A panproto protocol is a generalised algebraic theory together with auxiliary data, as Protocols as theories, schemas as instances developed. The category of GATs has theory morphisms as its morphisms (from Theory morphisms and instance migration), and this category has pushouts.

Given a span of theory morphisms

$P_{1} f P_{0} g P_{2},$

the pushout is a theory $P$ together with morphisms $ι_{1} : P_{1} \to P$ and $ι_{2} : P_{2} \to P$ satisfying

$ι_{1} \circ f = ι_{2} \circ g$

and universal among such. Explicitly, $P$ is built as the disjoint union of the sorts, operations, and equations of $P_{1}$ and $P_{2}$ , with sorts and operations in the image of $P_{0}$ identified along $f$ and $g$ ; equations from either branch are inherited, and new equations may be imposed at the pushout level.

The Rust implementation lives in panproto_gat::colimit for the theory level and panproto_schema::colimit for the schema level. The type-checker verifies that the resulting theory is well-formed and that the pushout morphisms satisfy the defining equation. A reader familiar with the construction from Colimits and pushouts will recognise this as the same construction given there for $Set$ , applied now in a different category; that the construction transports without modification is exactly the force of stating it at the level of the general category.

A combined protocol

A concrete case makes the construction tangible. Let $P_{0}$ be a small shared theory of identifiers: a single sort $Ident$ with an equation declaring it to be a string of a fixed alphabet. Let $P_{1}$ be a relational protocol using identifiers to name tables and columns, and let $P_{2}$ be a document protocol — a subset of FHIR, say — using identifiers to name record types and fields. There are obvious inclusions $P_{0} ↪ P_{1}$ and $P_{0} ↪ P_{2}$ sending $Ident$ to the identifier sort of each target.
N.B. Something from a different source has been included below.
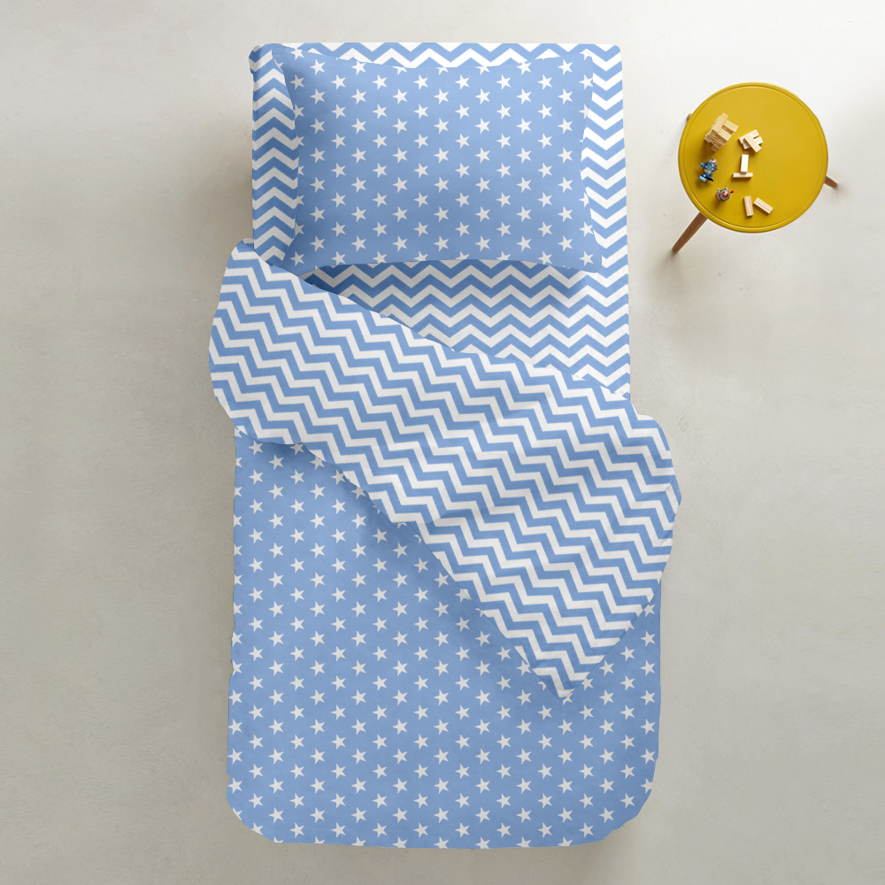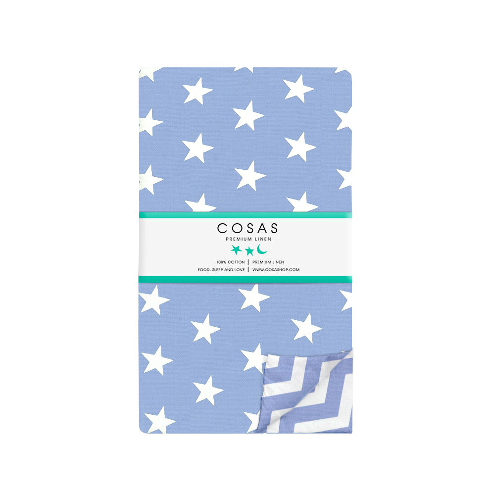 | Цвет: | Лицо - Звезды белые на светло-синем Оборот - Зигзаг бело-голубой |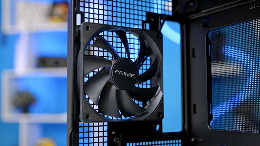 Overall, the ASUS Prime AP303 black tempered glass panel variant offers an elegant appearance with its rich, achromatic black colour. Its rounded edges and matte finish diffuse harsh light, creating a soft glow where it shines on the case. On the glass panel, the word 'PRIME' scrolls across the space where the front and side panels meet, adding subtle branding to the chassis.

The pushout $P$ of the span $P_{1} \leftarrow P_{0} \to P_{2}$ is a protocol whose schemas have both relational tables (with identifier-named columns) and document records (with identifier-named fields), where the identifier sort on both halves is the same sort. A schema under $P$ can use a relational identifier where a document identifier is expected, and vice versa, because the two were identified along $P_{0}$ .

The technical payoff is that a workflow involving both kinds of schema can be written as a single migration in $Mod (P)$ , rather than as a pair of migrations in $Mod (P_{1})$ and $Mod (P_{2})$ with manual coordination. A developer moving data from a relational store to a document store writes one migration against the combined protocol, and the shared identifier vocabulary ensures names line up across the boundary without hand-written translation.

Pushouts at version boundaries

The more common use of the pushout, operationally, is combining two versions of the same protocol that diverged from a common ancestor.

Consider two teams working independently on extensions of the same address-record schema from Part I’s running example. Team A adds a phone field to the common schema $S_{0}$ , producing $S_{1}$ . Team B, working in parallel, adds a birthdate field to the same $S_{0}$ , producing $S_{1}^{'}$ . Both extensions are honest protocol morphisms out of $S_{0}$ ; they disagree on nothing $S_{0}$ declares.

The pushout of the span $S_{1} \leftarrow S_{0} \to S_{1}^{'}$ is a schema containing both additions: name, email from $S_{0}$ , phone from $S_{1}$ , birthdate from $S_{1}^{'}$ . The two teams proceed independently, each on its own branch, and the pushout merges their work at schema-level granularity. A developer working on an extension declares it as a theory morphism out of the common ancestor; another developer does the same; the two extensions combine by pushout into a single protocol containing both sets of additions, without sequential hand-coordinated merging.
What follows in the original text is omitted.